Here is how I know my youth is gone.
[WARNING: Those of you who are young are going to be screaming in your head at me and Gary. YOUR youth isn't gone.]
[I'm looking into how to make this one of those Facebook quizzes. "ARE YOU OLD? CLICK HERE TO FIND OUT!"]
My car's been starting a little shaky this last week, and this evening when I left work it only clicked loudly. Happily, I had been working with Friend #3 at her condo, and I was in her parking lot.
"I don't have to bother Marcia," I thought, "I can take care of this by myself." And I got my little self-contained jump starter, and cracked the hood. At about this time two very nice neighbors of Marcia came out, and I convinced them I had it all under control ("You know how to work that? You know where the clips connect?"), and that if the jump starter didn't work I had my husband and Marcia to fall back on, but I'd find them if I needed anything after that.
Tried the jumper. No juice. Just clicking. Possibly because the jumper wasn't charged.
So, Plan B: I called the 1-880 number in the back of my mini. Not under warranty, but they'd be glad to call a tow company for me for $100.00
On to Plan C: I called Gary. He was glad to come out and bring his jump-starter (after all, it IS my birthday month), but he said it would take a while to get his pants on.
[I can hear you screaming the youthful plan in your head. Shhhhh.]
Plan D: While waiting for Gary I called Friend #3, Marcia, yards away in her condo.

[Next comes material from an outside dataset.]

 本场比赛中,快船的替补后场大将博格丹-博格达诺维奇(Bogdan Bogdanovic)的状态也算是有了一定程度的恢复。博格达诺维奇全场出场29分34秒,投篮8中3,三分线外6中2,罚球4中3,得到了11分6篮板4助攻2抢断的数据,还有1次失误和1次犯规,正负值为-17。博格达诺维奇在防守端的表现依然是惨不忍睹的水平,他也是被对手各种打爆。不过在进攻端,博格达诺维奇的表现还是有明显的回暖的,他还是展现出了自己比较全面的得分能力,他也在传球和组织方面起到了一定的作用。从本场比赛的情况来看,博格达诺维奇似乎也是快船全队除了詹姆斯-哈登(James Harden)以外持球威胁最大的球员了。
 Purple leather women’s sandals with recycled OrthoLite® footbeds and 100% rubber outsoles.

She came out and offered to drive me somewhere. I guess she could have jumped it? She has a Prius, and I didn't want my Mini to assimilate with her hybrid SpaceBorgwagon.
Gary eventually came over, the tow man was called, we went back into Marcia's condo, tow man came.

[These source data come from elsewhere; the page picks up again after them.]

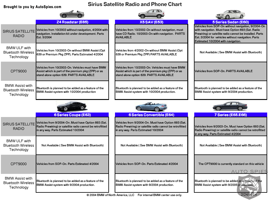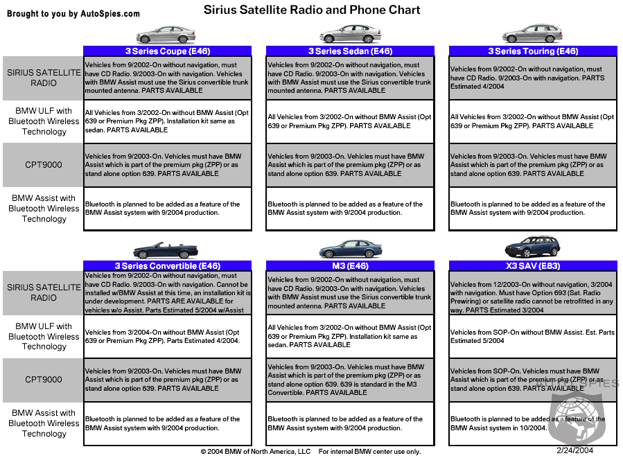 Want to make your life miserable?Call any BMW and try to get a straight answer about getting a Sirius radio installed in your existing BMW or a new one…There’s more fine print and ambiguity to explore than the Alan Dershowitz law briefing on the OJ trial!So after days of research and numerous reasons to take multiple Advils, we found a document that actually cuts through all the riffraff.Why doesn’t BMW make this document public to everyone?That would make TOO much sense!It took our parts guy about 15 minutes himself to find it on the internal BMW dealer website “Centernet” (https://www.bmwcenternet.com/) .And he almost didn’t because it’s buried about a thousand levels deep.Well, here you go, the best guide for understanding Sirius radio on your BMW…Another mission accomplished for you by the Auto Spies!Enjoy!p.s. If anyone has a usable username and password to Centernet….well :)
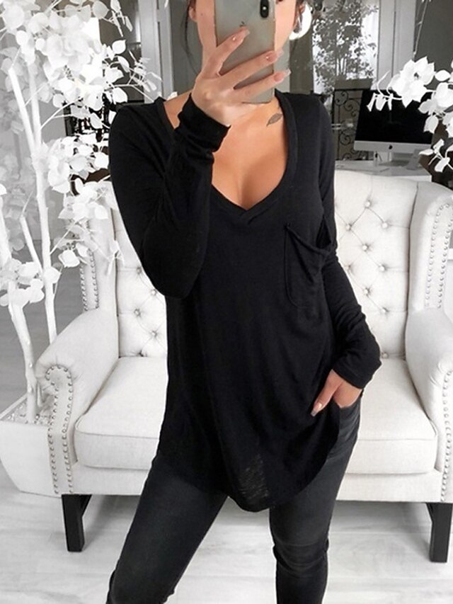 女性用 Tシャツ チュニック ブラック ホワイト ピンク ソリッド ポケット 長袖 カジュアル 日常 ベーシック Vネック レギュラー ルーズフィット S
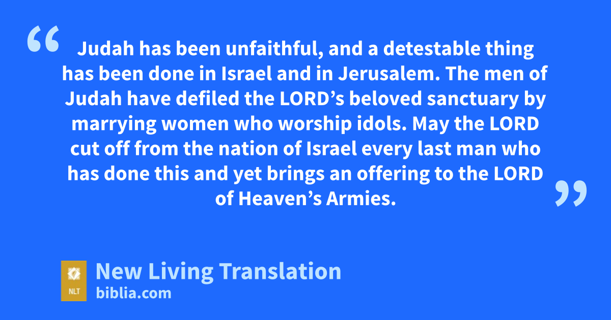 11 Judah has been unfaithful, and a detestable thing has been done in Israel and in Jerusalem. The men of Judah have defiled the Lord’s beloved sanctuary by marrying women who worship idols. 12 May the Lord cut off from the nation of Israel* every last man who has done this and yet brings an offering to the Lord of Heaven’s Armies.
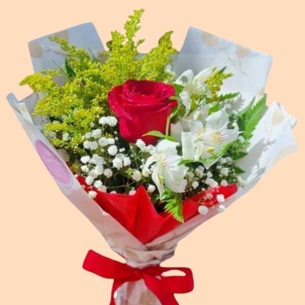 Buquê com uma rosa, linda e delicada.
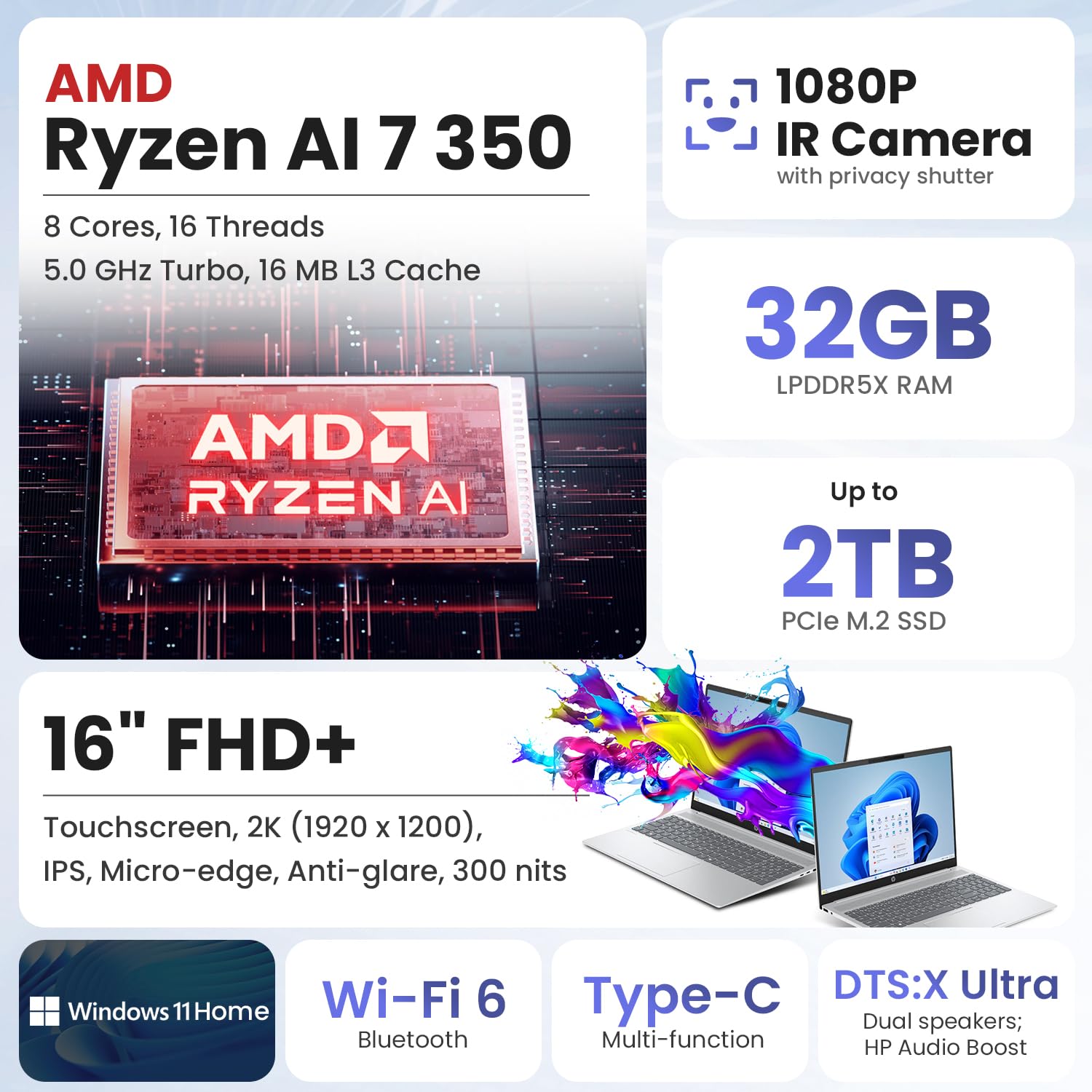 Key Features and Benefits: CPU: AMD Ryzen AI 7 350 Processor (8 Cores, 16 Threadss, 16 MB L3 Cache, Base Frequency at 2.0 GHz, Up to 5.0 GHz at Max Turbo Frequency) Memory: 32GB LPDDR5X-5600MHz RAM Hard Drive: Up to 2TB PCIe M.2 Solid State Drive Operating System: Windows 11 Home Display: 16-inch, FHD+ (1920 x 1200) Touchscreen, 60 Hz, IPS, Micro-edge, Anti-glare, 300 nits Brightness, 62.5% sRGB Graphics: AMD Radeon Graphics Bundle Product: Bundle with ADATA SD620-512GCBK External Mobile SSD Ports: 1x USB Type-A(10Gbps) 1x USB Type-A(5Gbps) 2x USB Type-C(10Gbps) 1 x Headphone/Microphone Combo Jack 1x HDMI-out/p> Wireless Connectivity: Wi-Fi 6 + Bluetooth Webcam: HP True Vision 1080p FHD IR Camera with privacy shutter Keyboard: Full-size Backlit Keyboard(On: F4) Optical Drive: None Dimensions: 14.08 x 10.03 x 0.73 inches Weight: 3.97 lbs Color: Sliver

[Here we go. If you thought of this, you are young.]
TOW MAN POPPED THE CLUTCH.
[I KNOW! HOW OLD ARE WE?]
Gary and I saw him do it, and we both simultaneously groaned and slapped our heads.

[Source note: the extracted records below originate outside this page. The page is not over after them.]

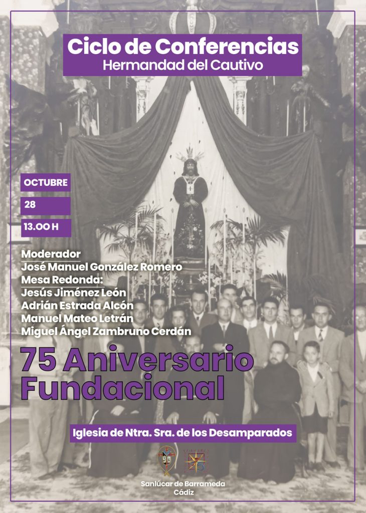 Este sábado día 28 de octubre, a las 13.00 horas en la Iglesia de Ntra. Sra. de los Desamparados, tendrá lugar la segunda de las ponencias del Ciclo de Conferencias organizado con motivo del 75 Aniversario Fundacional de nuestra Hermandad.
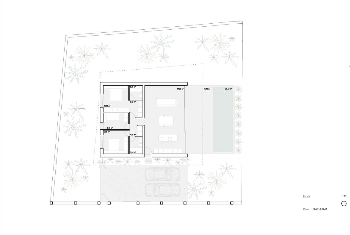 New Build Minimalist Villa in Benidorm with Private Pool Modern Single Level Villa Near Levante Beach This new build minimalist villa is located on the outskirts of Benidorm, on the beautiful Mediterranean coast of the Costa Blanca. Designed as an exclusive yet economically viable option within an increasingly competitive real estate market, this property combines functionality, contemporary design and comfort in a single level layout. Set on a 530 m2 plot, the villa is just 2.4 km from Levante Beach and only 1.5 km from the town center, where you will find supermarkets, restaurants, shopping areas, schools and all essential services. Benidorm is famous for its sandy beaches, vibrant atmosphere, marina and year round sunshine, making it an ideal destination for both permanent living and holiday investment. Functional Layout with Private Terrace and Pool The villa is distributed entirely on one floor, offering a practical and comfortable living experience. It features 3 bedrooms and 2 bathrooms, one of them en suite, making it ideal for families or those seeking extra space for guests or a home office. The spacious living and dining area connects directly to a 26 m2 terrace and private swimming pool, creating a seamless indoor outdoor flow that embraces the Mediterranean lifestyle. The outdoor area is perfect for relaxing, dining or enjoying the sunny climate throughout the year. The property also includes private parking space for two vehicles within the plot. Quality Specifications and Customization Options This modern villa is delivered with high quality finishes and contemporary installations, including: Reinforced security entrance door Automatic vehicle access gate Fully fitted kitchen with ceramic hob, extractor hood, oven and integrated microwave Aerothermal system for domestic hot water Split air conditioning system Minimalist black lacquered aluminum carpentry with thermal break and double glazing with acoustic control In addition, buyers can personalize finishes, climate control systems, photovoltaic panels for self consumption and home automation features, allowing you to adapt the property to your specific needs with a fixed and transparent price. Excellent Location and Distances Levante Beach 2.4 km Benidorm center 1.5 km Port of Benidorm 3 km Villaitana Golf 4 km Alicante Airport 60 km Your Contemporary Home in Benidorm Awaits This new build villa offers modern design, privacy and proximity to the beach in one of the most dynamic cities on the Costa Blanca. Contact us today to receive more information and secure your new home in Benidorm.
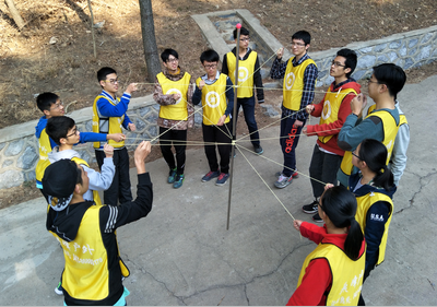 在拓展活動之前,教官向大家介紹了活動的主要目的是“磨練意志、陶冶情操、完善人格、熔煉團隊”。隨后,大家分為兩組并推選了團隊負責(zé)人,進行了隊伍的初期組建。經(jīng)過教練對活動規(guī)則的講解和示范后,兩組隊員分別進入場地進行“有氧登山”、“步步高”及“權(quán)杖”等活動,并分享了活動過程中的經(jīng)驗和想法。

(It sounded like this: "rollllllll...Vroommm! GroannnnSLAP!")
Never crossed my mind. In my youth, I could pop a clutch like a demon. I popped clutches all the time. Never in reverse, like this guy did, but I didn't even consider pushing it with my foot into a downward slant.
Tow man was nice. He only charged us for the service call, since he technically didn't even try to jump our car, then he suggested to Gary that we just drive the car to Sears and install a new battery on our own. HAHAHAHAhhahaa. We were so ashamed we just waved him off. "No no no. We are so senile we've forgotten about clutch-popping." Clutch-pooping, that's more like our lives now.
Anyway, I really want someone at work with a manual transmission to kill their battery so I can pop their clutch, in reverse, all-cool and young-like. I might start disabling cars in the parking lot, opening doors and leaving their lights on.